Familiar Frequencies

Most evenings, as we head home, the matatu drivers by the local footbridge wave at us. Just a quick nod or a smile, the kind of small gesture that slips quietly into your routine until one day, you realize it means something. That maybe you’re no longer just passing through.

This week, that feeling crept into more than just the journey home. Between testing low-cost electrodes, 3D printing wearable casts, and chasing down clean EMG signals, that sense of rhythm kept showing up – in soldered circuits, in shared coffees, and in all the in-between moments that are starting to feel a little more familiar.

Building the Active Cast One Snap at a Time

Our host-site project has taken shape – quite literally – over the last two weeks as we have worked with our colleague Waka at the design studio. The project focuses on designing a low-cost, wearable cast that can actively prevent muscle atrophy by stimulating muscles. The idea grew from conversations about the limitations of traditional immobilizing casts, especially after sports injuries, where muscle loss during healing can lengthen recovery time or limit function.

Building our Electrical Stimulation Circuit!
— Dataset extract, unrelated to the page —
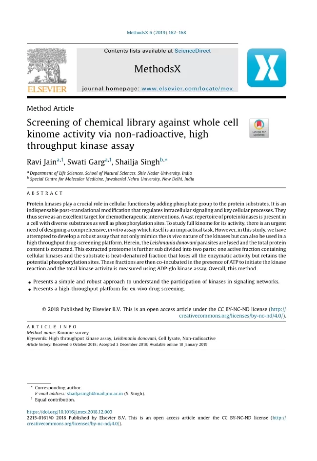 Screening of chemical library against whole cell kinome activity via non-radioactive, high throughput kinase assay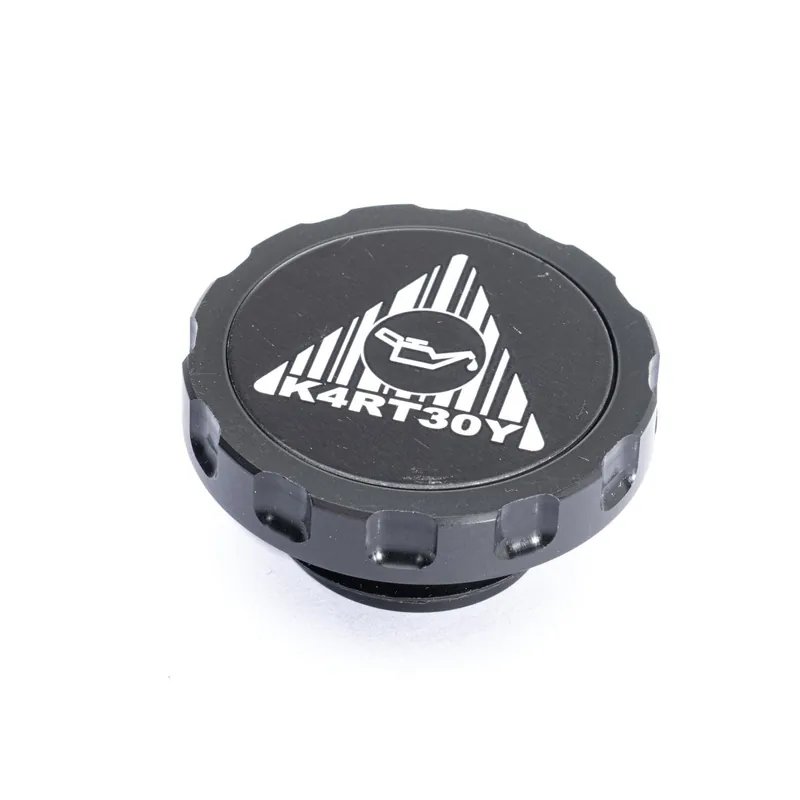 Made from durable Delrin material, the Kartboy Oil Cap V2 is built to withstand high temperatures and daily use. It features a sleek black finish with your choice of red or black anodized center logos, allowing you to customize your engine bay’s appearance. The cap also comes equipped with a new O-ring for a secure, leak-free fit.

We began by debating the method of stimulation: PEMF (pulsed electromagnetic field) vs. electrical stimulation via electrodes. PEMF sounded great in theory, but sourcing components locally, cost-effectiveness, and simpler hardware pointed us toward electrical stimulation as the better fit for our context. So, we’ve been designing this circuit for the past two weeks. After finalizing the waveform we wanted (a biphasic square wave to avoid tissue damage), we coded the signal and started wiring the motor drivers and timing components. 

At one point, we accidentally burned through an Arduino board (RIP) – turns out, feeding it more than 22 volts is not a good idea! It also seemed like our multimeter wasn’t picking up the needed output voltage. Some troubleshooting later, we decided to go simple and test the output with LED lights instead… and it worked the whole time, the biphasic output was just too fast to be picked up by our multimeter. Classic. We’ve since cleaned up the design, confirmed the signal on an oscilloscope, and are looking into integrating this model into our cast design!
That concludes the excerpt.